Chinese Grand Prix in doubt for 2011

Posted on | Author Keith Collantine

Shanghai has not had an extension on its seven-year deal begun in 2004
Shanghai has not had an extension on its seven-year deal begun in 2004

The F1 teams are on their way to Shanghai for the seventh Grand Prix in China this weekend.

But with no deal in place for a race next year, could this be F1’s last visit to Shanghai?

F1 track designer Hermann Tilke’s brief for the Shanghai International Circuit wasn’t short of ambition. Built at a cost of $350m the circuit boasts one of the largest structures in F1 and can accommodate up to 200,000.

But it’s never come close to finding that many paying spectators, and many of the fans that do go pick up cheap tickets sold on by corporate guests who are offered them for free. In recent years the large turn 12 and 13 grandstand has been converted into an giant advertising hoarding.

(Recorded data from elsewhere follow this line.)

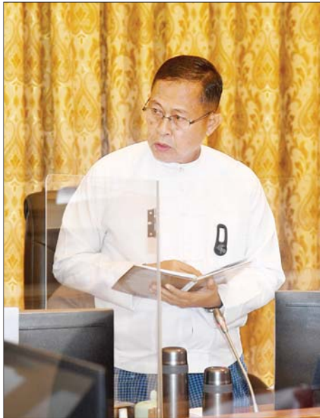
နိုင်ငံတော်စီမံအုပ်ချုပ်ရေးကောင်စီ ဒုတိယ ဥက္ကဋ္ဌ ဒုတိယဝန်ကြီးချုပ် ဒုတိယဗိုလ်ချုပ်မှူးကြီး စိုးဝင်း ဖြည့်စွက်ဆွေးနွေးစဉ်။

စိုက်ပျိုးရေးလုပ်ငန်းများတွင် သီးနှံမျိုးကွဲများ များပြားသည့်အတွက် ရောင်းချမှုနှင့် စီမံခန့်ခွဲမှုများ တွင် အခက်အခဲရှိသဖြင့် မျိုးကွဲများ နည်းပါးစေရေး တတ်နိုင်သမျှ ထိန်းသိမ်းဆောင်ရွက်ကြရန်လို ကြောင်း၊ အမျိုးတူ မျိုးကောင်းမျိုးသန့်များ စိုက်ပျိုး နိုင်ရေး ဆောင်ရွက်ကြရန်လိုကြောင်း၊ စိုက်ပျိုးရေး လုပ်ငန်းများကို နည်းစနစ်တကျ စိုက်ပျိုးခြင်းဖြင့် အထွက်နှုန်းများ ကောင်းမွန်တိုးတက်လာမည် ဖြစ်ကြောင်း၊ တိုင်းဒေသကြီးနှင့် ပြည်နယ်များ အလိုက် နေရောင်ခြည်စွမ်းအင်သုံး မြစ်ရေတင် စီမံကိန်းများကို ဆောင်ရွက်ခြင်းဖြင့် လိုအပ်သည့် စိုက်ပျိုးရေးများ လုံလောက်စွာရရှိနိုင်မည်ဖြစ်ကြောင်း၊ စိုက်ပျိုးရေးလုပ်ငန်းများ ဆောင်ရွက်ရာတွင် စက်ယန္တရားများဖြင့် စနစ်တကျဆောင်ရွက်နိုင်ရေး ဧကကွက်များ ဖော်ထုတ်ဆောင်ရွက်ရန် လိုကြောင်း၊ မွေးမြူရေးလုပ်ငန်းများတွင်လည်း လှောင်မွေးသည့် စနစ်ဖြင့် မွေးမြူမည်ဆိုပါက ပိုမိုအကျိုးဖြစ်ထွန်းစေ မည်ဖြစ်ကြောင်း၊ ငါးသယ်ဇာတများ ပြုန်းတီးမှု
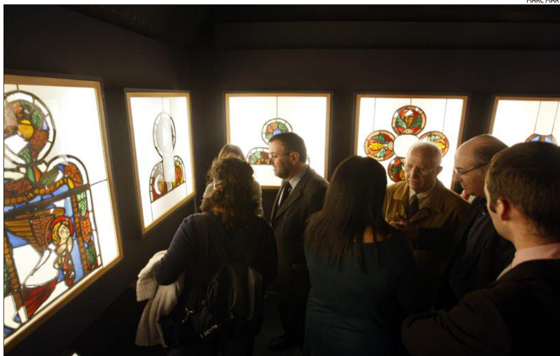
La mostra, espectacular, va ser inaugurada ahir al matí i es pot visitar fins al 22 de maig.

Les taules de vitraller són en dues posts de fusta en les quals es conserva el dibuix preparatori per a la realització d'un vitrall. Tot i que el procés de creació de vitralls el trobem documentat en diversos textos medievals, aquestes dues taules són l'únic testimoni material conservat a Europa. Els traços geomètrics que s'hi representen
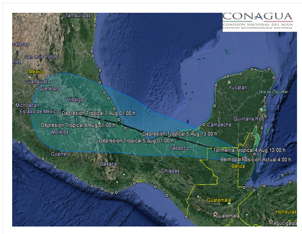
Traectoria pronóstico del huracán "Earl"
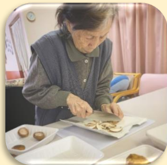
ご利用者と昼食の準備中！
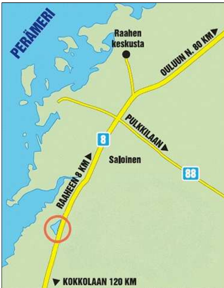
Kuva 1. Suunnittelualueen sijainti.

Suunnittelualueena on Raahen kaupungista kahdeksan kilometriä etelään sijaitseva Järvelänjärven levähdyspaikka valtatie kahdeksan varrella. Alue kuuluu Haapajoki-Arkkukari-kyläyhdistys Ry:n toiminta-alueeseen, ja siellä sijaitsee kyläyhdistyksen kyläpirtti. Tämä on ainoa järvenrannalla sijaitseva levähdyspaikka Turku-Muonio välillä, joka tavoittaa matkailijat. Alueen sijainti on esitetty kuvassa 1.
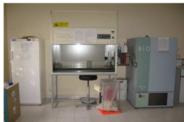
Équipements du laboratoire
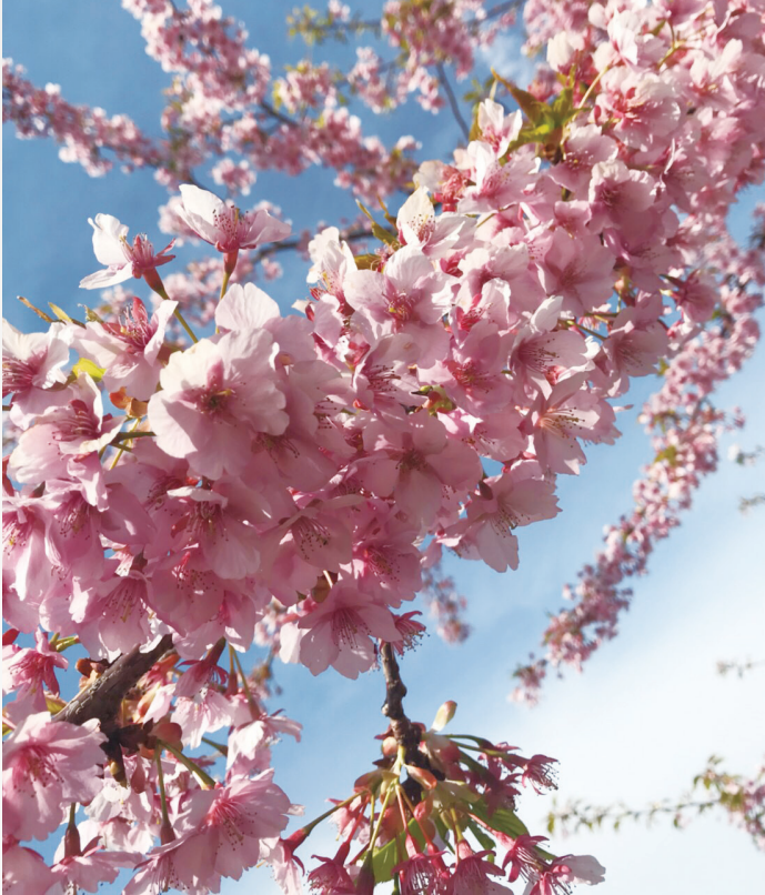
春の訪れとともに咲く桜は、日本の美しさを代表する花です。種類もたくさんあり、咲く時期も色も形もそれぞれ異なります。今年は何種類の桜に出会えるのか今から楽しみです。
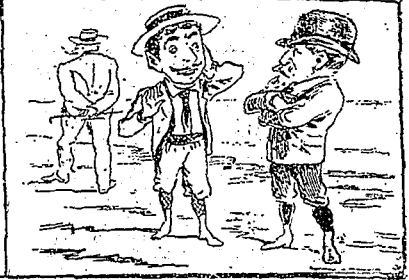
—Il vous a gâté, et vous ne dites rien ? —Ça ne compte pas, je suis lui sous un pseudonyme...

While Bahrain, which also joined the F1 calendar in 2004, has had its deal extended until 2013, there has been no such extension for the Chinese round.

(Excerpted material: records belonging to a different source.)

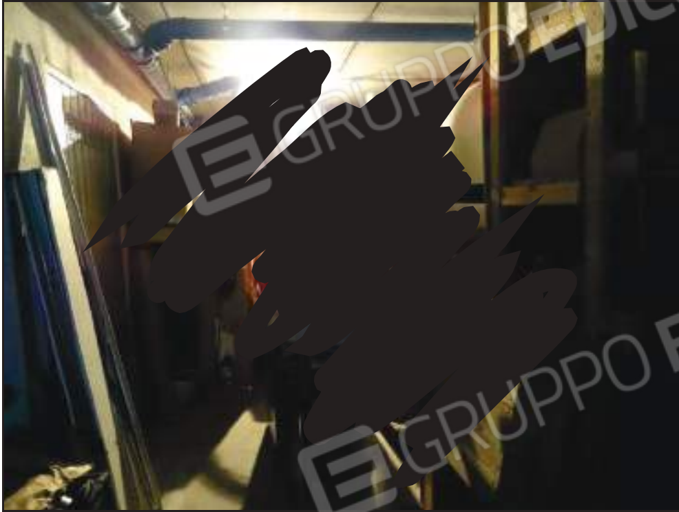
Vista dei locali subb. 22, 23 e porta accesso al sub. 21.
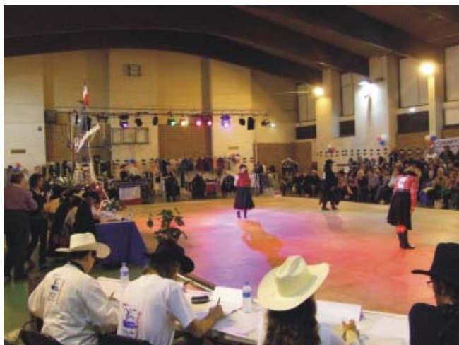
Vista general de la pista de competición

El subtítulo de este artículo sólo pretende indicar que hay varias vías abiertas en el mundo del country, y que no siempre todos vemos las cosas igual cuando pretendemos potenciar nuestra querida especialidad de baile.
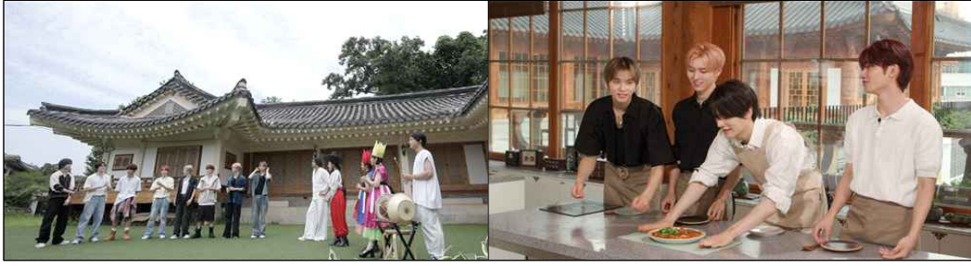
좌측상단부터 태권무 부문 에스에프나인(SF9), 소고춤 부문 베베(BEBE) 조선팝과 한식 부문의 이펙스(EPEX)

‘2024 K-커뮤니티 챌린지’는 ▲조선팝, ▲소고춤, ▲태권무, ▲한식 4개 부문으로 공모전을 진행한다. 특히 많은 한류 팬들의 호응을 이끌어내기 위해 대중문화 아티스트와 전문가가 직접 참여한 한국문화 강습 영상이 제공된다. 대중문화 아티스트로는 △에스에프나인(SF9), △베베(BEBE), △이펙스(EPEX)가 참여하고 분야별 전문가(예술인)로는 △악단광칠(조선팝), △태권크리(태권무), △비슬무용단(소고춤)이 함께 했다. 강습 영상은 외국인들이 자연스럽게 한국문화의 매력을 느낄 수 있도록 선정릉, 남산공원, 김포 한옥마을, 선유도 공원 등 전통과 현대를 아우르는 한국의 여러 장소를 배경으로 촬영했다.
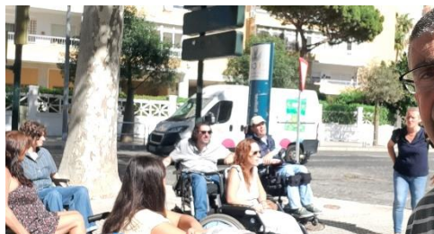
FEGADI COCEMFE EN EL CIRCUITO INACCESIBLE ORGANIZADO POR AGADI EN CÁDIZ

However car manufacturers see a round in China as being important for the world championship.

In their publicity material sent out ahead of this weekend’s race Mercedes drew attention to the fact that they sell more S Class executive saloons in China than any other country. Ferrari is launching its 599 GTO at the Beijing Motor Show.

The teams are already stretched by the ever-growing ‘flyaway’ portion of the calendar. This year sees the addition of a South Korean round (the traditional rumours about the new round being cancelled were scotched yesterday) and in 2011 the teams will visit India for the first time.

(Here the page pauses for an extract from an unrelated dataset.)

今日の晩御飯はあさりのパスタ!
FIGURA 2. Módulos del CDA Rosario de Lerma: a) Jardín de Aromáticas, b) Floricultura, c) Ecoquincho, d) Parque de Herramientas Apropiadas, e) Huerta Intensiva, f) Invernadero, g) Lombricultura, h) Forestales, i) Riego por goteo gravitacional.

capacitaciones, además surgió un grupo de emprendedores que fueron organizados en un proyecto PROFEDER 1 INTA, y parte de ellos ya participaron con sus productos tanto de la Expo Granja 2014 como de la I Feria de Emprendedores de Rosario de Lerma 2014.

Ultimately, whether China keeps its place on the calendar will most likely be decided by whether the government chooses to keep paying for it.

Can F1 afford to continue racing in China? Can it afford not to if it wants to continue to attract car manufacturers to the sport? Have your say in the comments.

Read more: Which races should Ecclestone cut? (Poll)

131 comments on “Chinese Grand Prix in doubt for 2011”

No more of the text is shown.